1 de julio
Escribo estas líneas el viernes 30 de junio. Me anticipo a la fecha acostumbrada porque deseo referirme por anticipado a lo que sucederá el día de mañana en la Asamblea Nacional con ocasión del inicio del cuarto periodo.
El sistema político vigente da al presidente de la República un poder, no definido en ninguna parte, de intervención personal en todos los asuntos políticos y de gobierno en los que desee meterse. Guste o no es la realidad, y hasta que el sistema no cambie, allí estará el poder y la tentación en mancuerna. Lo demás es poesía que vemos y leemos de parte de " ilustrados" que profesan el dicho de "haz como yo digo, no como yo hago". Grandes hipócritas televisivos y domingueros.
Varela inicia su cuarto año con una real y evidente debilidad política. Tiene poder, sí, pero lo que hace dista mucho de ser gobernar. No se puede dar el lujo de perder el control de la Asamblea. Para ello está entonces el poder al que me refería arriba el cual, por demás, lo sabe y le gusta usarlo arropado con un manto ya transparente de hipocresía política. A su mandar quedan entonces los utilizables.

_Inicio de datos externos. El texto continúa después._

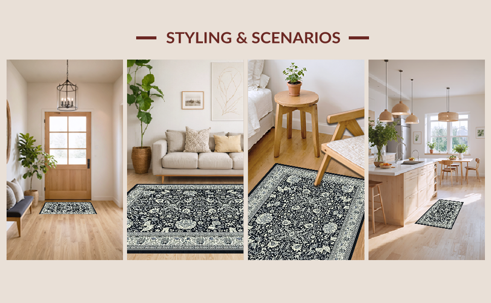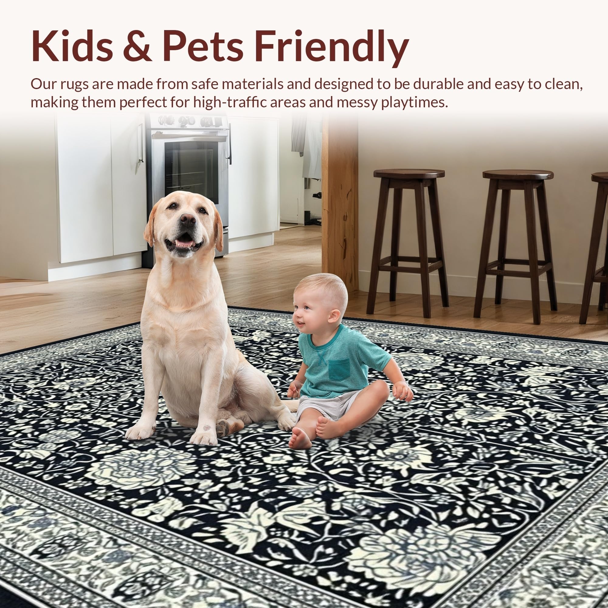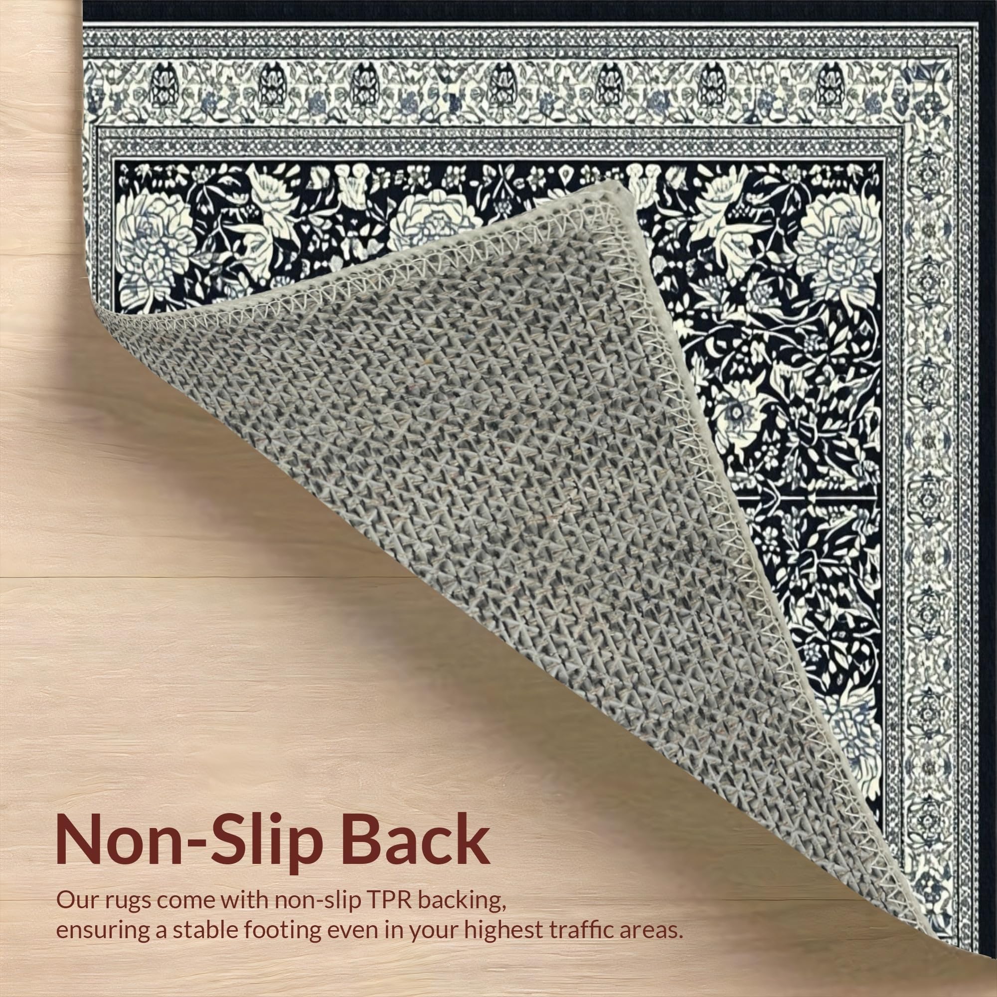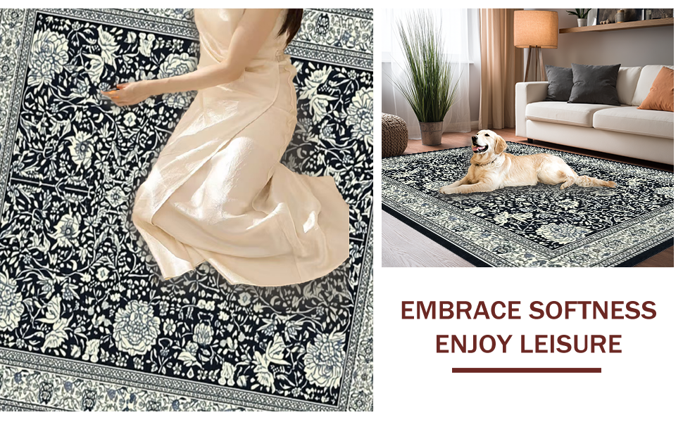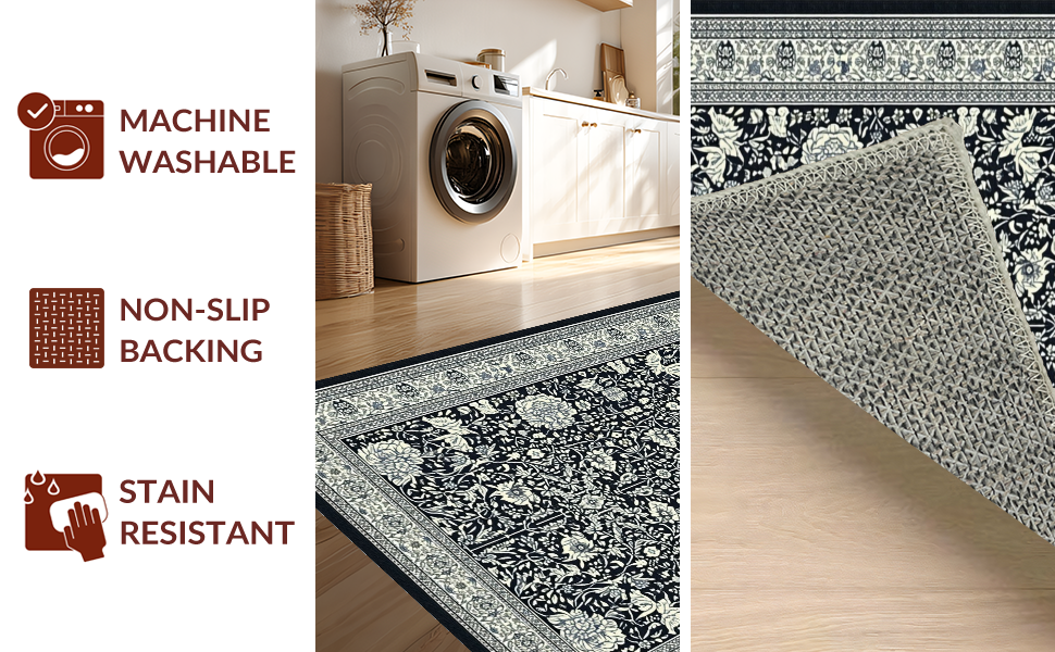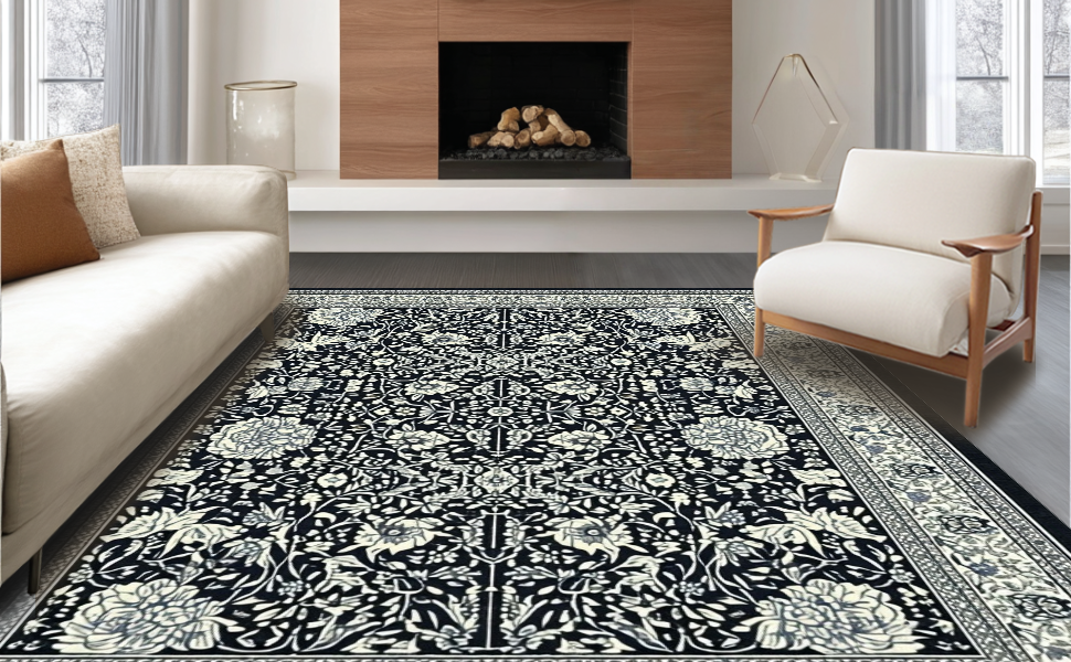 Ultra Soft Area Rug, Non Slip, Stain Resistant, Washable Area Rugs for Living Room, Bedroom, Minimalist Black Floral Texture(Black) Overview: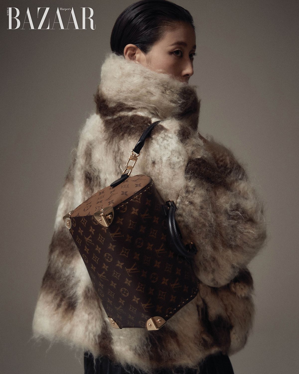 퍼 재킷은 Celine. 롱 드레스, ‘스피디 트렁크 25’ 백은 Louis Vuitton.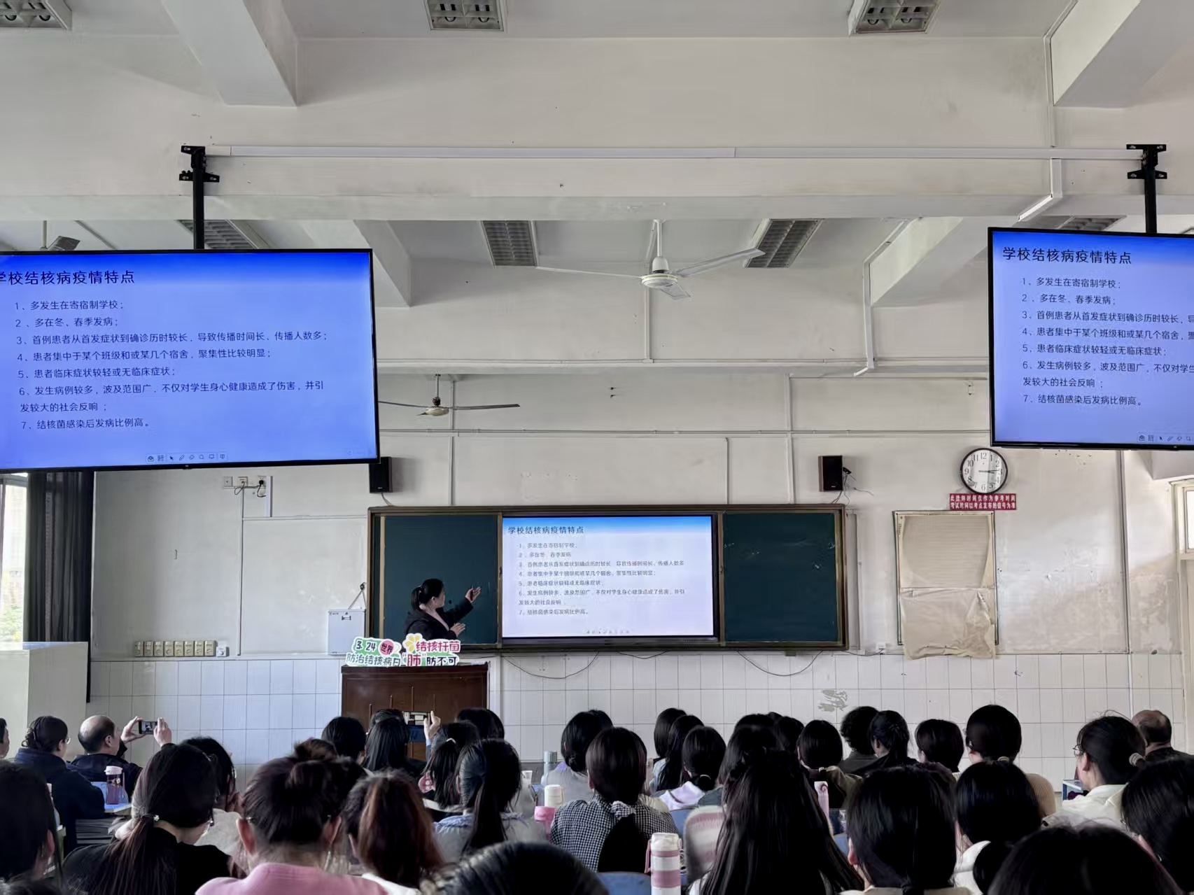 2025年的3月24日是全球第30个世界防结核日。为提高同学们对结核病防治工作的认识,防治结核病的发生,南阳医专心理健康关爱与教育中心在3月24日下午特邀卧龙区疾病预防控制中心领导为我学子开展讲座及现场活动。出席本次活动的有卧龙区疾病预防控制中心书记、主任周丽娜、卧龙区卫健委疾控科科长王云霞、卧龙区疾病预防控制中心副主任马伟科、卧龙区疾病预防控制中心结核病防治科科长刘超、卧龙区疾病预防控制中心学校卫生科科长程义学

El PRD enfrenta mañana un problema. Ante los ojos de todos tiene que abandonar el poder. Son cogobierno luego del pacto de hace tres años. Muchos han sido beneficiarios directos de muchas cosas y otros saben que permanecer bajo el subterfugio que sea pegado al Gobierno es suicida. A otros no les ha tocado nada o muy poco y con sentido político apoyarían una ruptura. Pero con bajarles unos cuantos no se cuadran los votos. Además, ser ahora oposición implicaría dejar todos los puestos y contratos que mantienen en el gobierno y la asamblea. ¿Lo harán?
CD en la Asamblea tiene dos bancadas. Una varelista desde hace rato y otra leal a la línea política de la dirigencia, hoy con Ricardo Martinelli detenido con fines de extradición en EE.UU. Ese solo factor debiera producir unidad y votar en plancha los 25 diputados como diputados de oposición. Eso no pasará. La bancada leal compuesta hoy viernes de 9 diputados ha elegido a la joven y hábil diputada santeña Mariela Vega para ser la candidata de las filas leales. Dura misión ser mártir, pero, como le dije, pasa hoy para ganar después, cosa que no pasará mañana con todo aquel que se mantenga o se plegue al varelismo. Le reconozco valentía y gran sentido de oportunidad política.
Varela tendrá los votos necesarios. Unos saltarán al final para reafirmar su quebradiza postura y otros ya la definieron por adelantado. Sin que esto signifique mayores peleas, reafirma que en política nunca se sabe con quién se baila la última pieza, al decir del ilustre Diógenes de la Rosa, pero en cuanto a CD se refiere esa última pieza que abre el telón al cuarto año de Varela exigía ser más dignos y solidarios con quien los hizo y los apoyó. Triste, pero es así.
Será un año muy complejo. Odebrecht se asoma. Esa realidad hizo que Varela ejerciera el poder para sentirse dueño de un escenario que no controla y que ya no engaña. En el partido avanzaremos hacia el 2019 pasando por elecciones internas y la definición de la primaria presidencial el otro año. El varelismo triunfalista de mañana apoyará al que considere afín, obviamente no soy yo. Pero el beneficiario de ese apoyo quedará manchado de varelismo ya sin tapujos de ninguna índole, por lo que será la membresía la que decidirá si quiere varelismo en el 2019 o si opta por ganar para gobernar con firmeza, lealtad y sentido de país bajo la bandera de CD.
CD seguirá en oposición y liderándola, soportando, cual aporte al triunfo cercano, la persecución interminable de quien ha hecho de la misma su único "mérito" de gestión gubernamental. No dudo que tratarán de tomarse el partido repitiendo la película de lo que hicieron en el PRD con PMG el 30 de octubre pasado. De ser así, se enfrentarán con quienes daremos esa pelea . No lo duden. Eso sí, prohibido olvidar.
Mi reconocimiento a la bancada leal. No cambiaron camino por vereda. Eso tendrá su recompensa.
Mientras, el reloj sigue su marcha y cada día que pasa es uno menos de todos ellos allá.